Monday, August 04, 2003

We made a visit today that I had been dreading--to my aunt in the nursing home. Sue insisted we pay that call, much against my (or anyone else's) better judgement. Aunt Betty was weaker than I had ever seen her--an extremely OLD seventy-five--and meaner than ever. I have a feeling that her last breath will be expelled as a put-down. She USED to be nice--when she had my grandmother to snarl at, that provided her a focus. After Grandma died, Betty started unloading her animosity on anyone within earshot. On sundry occasions, she always took time out of her schedule to criticize my piano-playing, my songwriting, my weight (even 100 pounds ago) or whatever other sensitive spot she could poke at to make us more equally miserable. Today was no exception. Of course it was my obesity--my mere presence had handed her that weapon. Why should I be happy in momentary ignorace of my flaws when it was my duty as a member of this family to be aware of them at all times? The whole purpose of a family is to undermine joy. If one can find transport in, say, music or art or literature, then one needs to be slapped down to earth immediately by a Concerned Relative. Why find absurd delight in a symphony when you can just as easily leave the television on, half-attended to, and be numb? Don't get above yourself, young man--don't forget for a moment that you're from Utica and you're just as hopeless as we are. Doomed! Sit up straight and be bitter like the rest of us!
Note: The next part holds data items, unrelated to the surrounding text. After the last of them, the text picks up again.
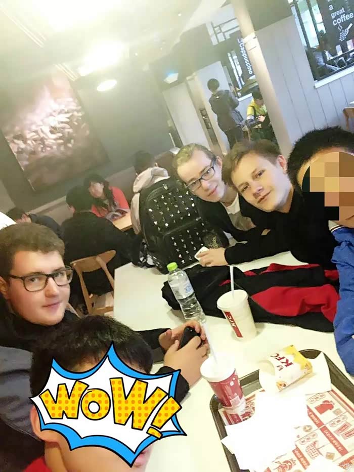 之后的几天时间里,上午他参加学校安排的各项课程,回家后我和爸爸妈妈更是想尽一切办法带他品尝美食,又和他夜游南京夫子庙,送给他了各种具有纪念意义的纪念品,每一天都过的无比充实。最后的几天,我们索性不带家长,几个接待的同学一起组织活动。大家都是年轻人,没有了家长在一旁无形的约束,在一起当然也能更嗨,新街口德基广场,南艺足球场,中山陵,南京大排档……都活跃过我们的身影。
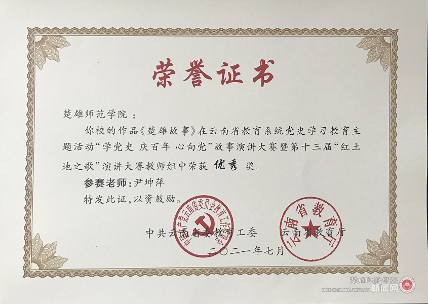 云南省教育系统“学党史 庆百年 心向党”故事演讲大赛暨第十三届“红土地之歌”演讲大赛是由中共云南省委教育工委、云南省教育厅主办的教育系统党史学习教育主题活动。本次大赛分为初赛、复赛、决赛三个阶段,教师组、高校组、中学组、小学组、幼儿园组五个组别。全省报送21808个初赛作品,我校推送的两个作品(每所学校推送2个作品)均进入决赛。经层层推荐、专家遴选审议,评选出特等奖5名,一等奖15名,二等奖30名,三等奖40名,优秀奖1000名,最佳人气奖200名。我校教育学院江燕老师作品《红色的种子 金色的梦想》荣获高校教师组二等奖,姚丽娜同学作品《一盏星火照我心》(指导教师:孙梅娟)荣获高校学生组二等奖,校团委尹坤萍老师作品《楚雄故事》荣获教师组优秀奖。
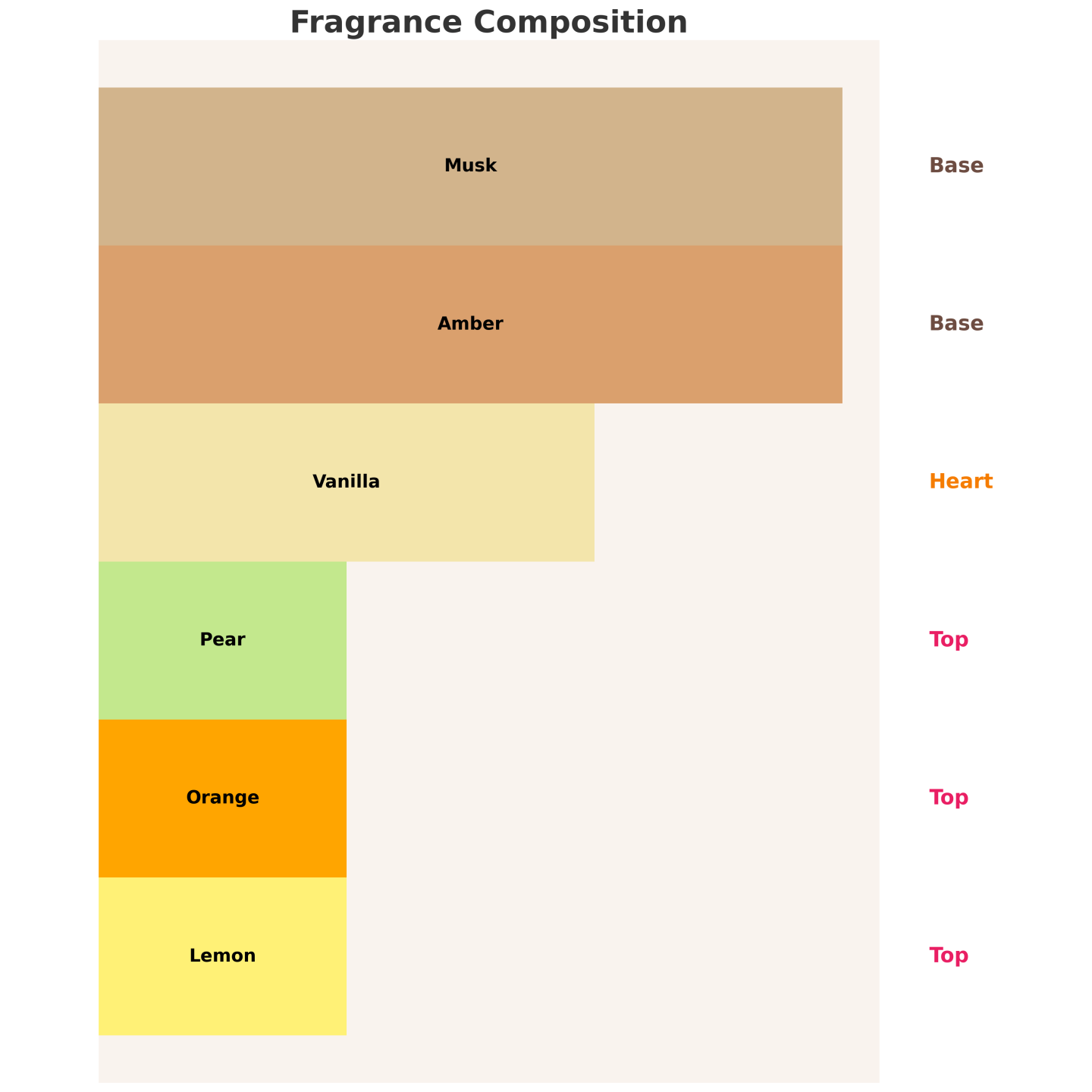Свіжий, радісний та енергійний: цитрусові та фрукти у вступі, ваніль у серці, мускус та амбра в базі.
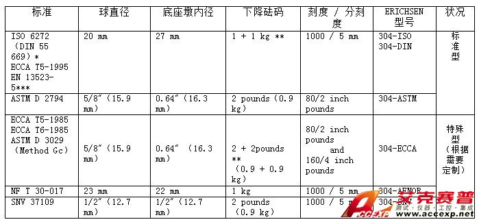 erichsen304可調(diào)沖擊試驗(yàn)儀測試標(biāo)準(zhǔn):
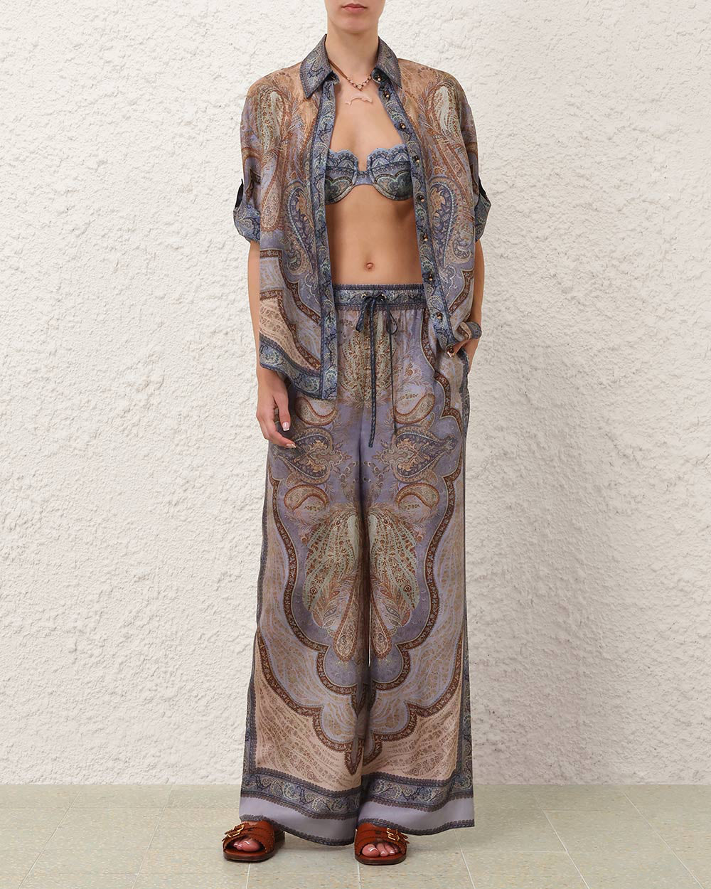 The Wanderlust Relaxed Pant in Tapestry Blue Multi from our Swim 2026 Collection. A 100% silk habutae mid-rise pant featuring a relaxed silhouette, bold placement print and a drawstring waist.
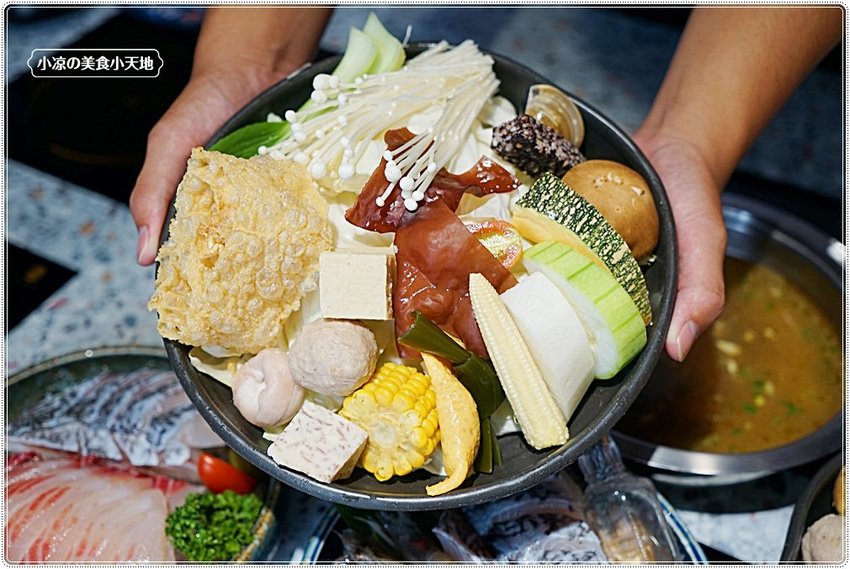 菜盤內有高達20樣食材,不外乎有高麗菜、青江菜、金針菇、木耳、豆腐、芋頭、米血、玉米筍、貢丸、豆皮、蛤蠣等相當豐富!
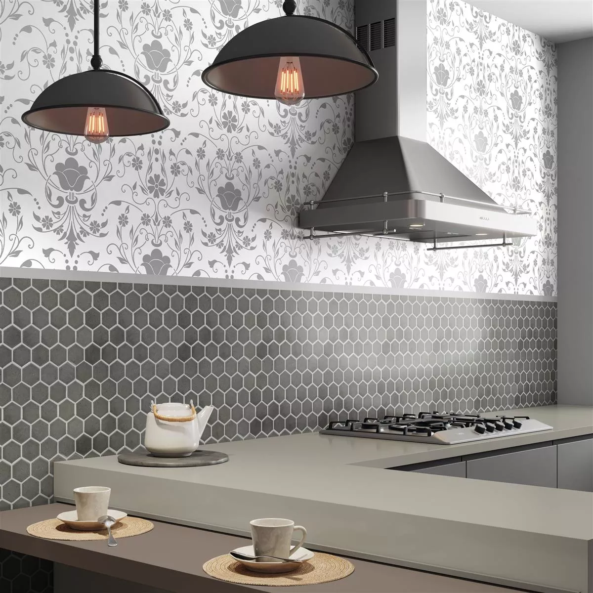Kεραμικά Ψηφιδωτά Πλακάκια Eldertown Εξάγωνο Γκρί
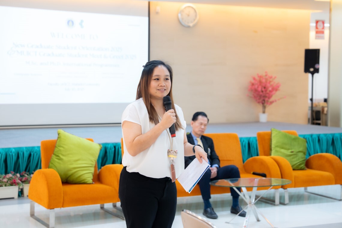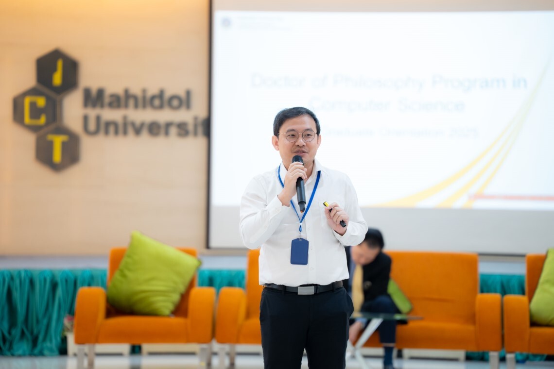 On July 30, 2025, the Faculty of Information and Communication Technology, Mahidol University (ICT Mahidol), organized an orientation for new graduate students for the academic year 2025 from the Doctor of Philosophy in Computer Science Program, as well as the Master of Science Programs in Computer Science, Cyber Security and Information Assurance, and Game Technology and Gamification. The orientation was presided over by Dr. Pattanasak Mongkolwat, Dean of ICT Mahidol, who delivered a warm welcome speech to the new students. The orientation also featured a presentation by Asst. Prof. Dr. Jidapa Kraisangka, Assistant Dean for Academic and Curriculum Development, who provided an overview of the graduate programs. The event was held at Bits & Bytes Hall, 4th Floor, ICT Building, Mahidol University, Salaya Campus, and was also accessible online via Webex Meetings.
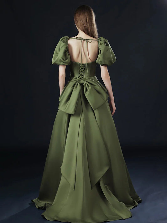 Beaira Dark Green Satin Short Sleeves Party Dress Dark Green Formal Dress prom dresses shops
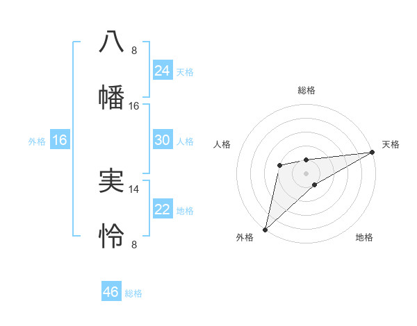 八幡 実怜さんの総格は46画の1点!
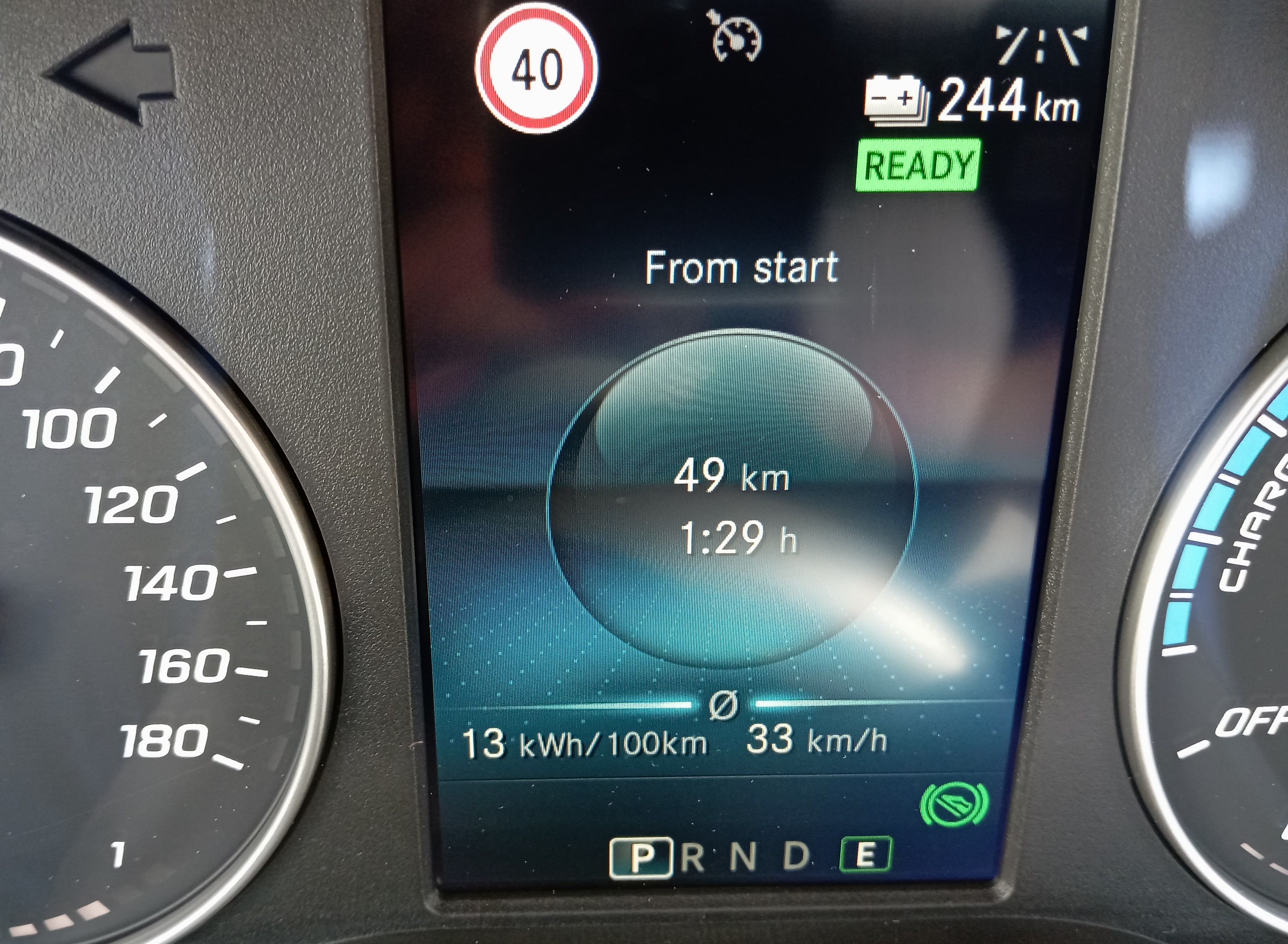 Jazdy testowe Citanem odbywały się w dość szczególnych warunkach bo w winnicach wokół Stuttgartu oraz małych miejscowościach z ograniczeniami prędkości. To już narzucało spokojniejszą, wręcz dość wolną jazdę (sporo podjazdów) więc o wynikach w kontekście zużycia mogły decydować np. ustawienia jednego z trzech poziomów rekuperacji. Nawiasem, połączenie zmian tych trybów z lewarkiem załączania napędu nie jest zbyt wygodne, wolałbym osobny przełącznik.

I know. You're thinking, "Cut the old broad some slack." Perhaps I should--but if YOU met her, YOU'D hate her, too. And, it's not just her--it's everyone else in my family. (If you don't have anything nice to say, you must be related to me.) Perhaps it is no surprise that I decided my line would stop with me. I know the seeds of dysfunction I carry. I have seen those seeds ripen into my RELATIVES. I will continue to squander them in my (blessedly) childless, deliriously happy marriage.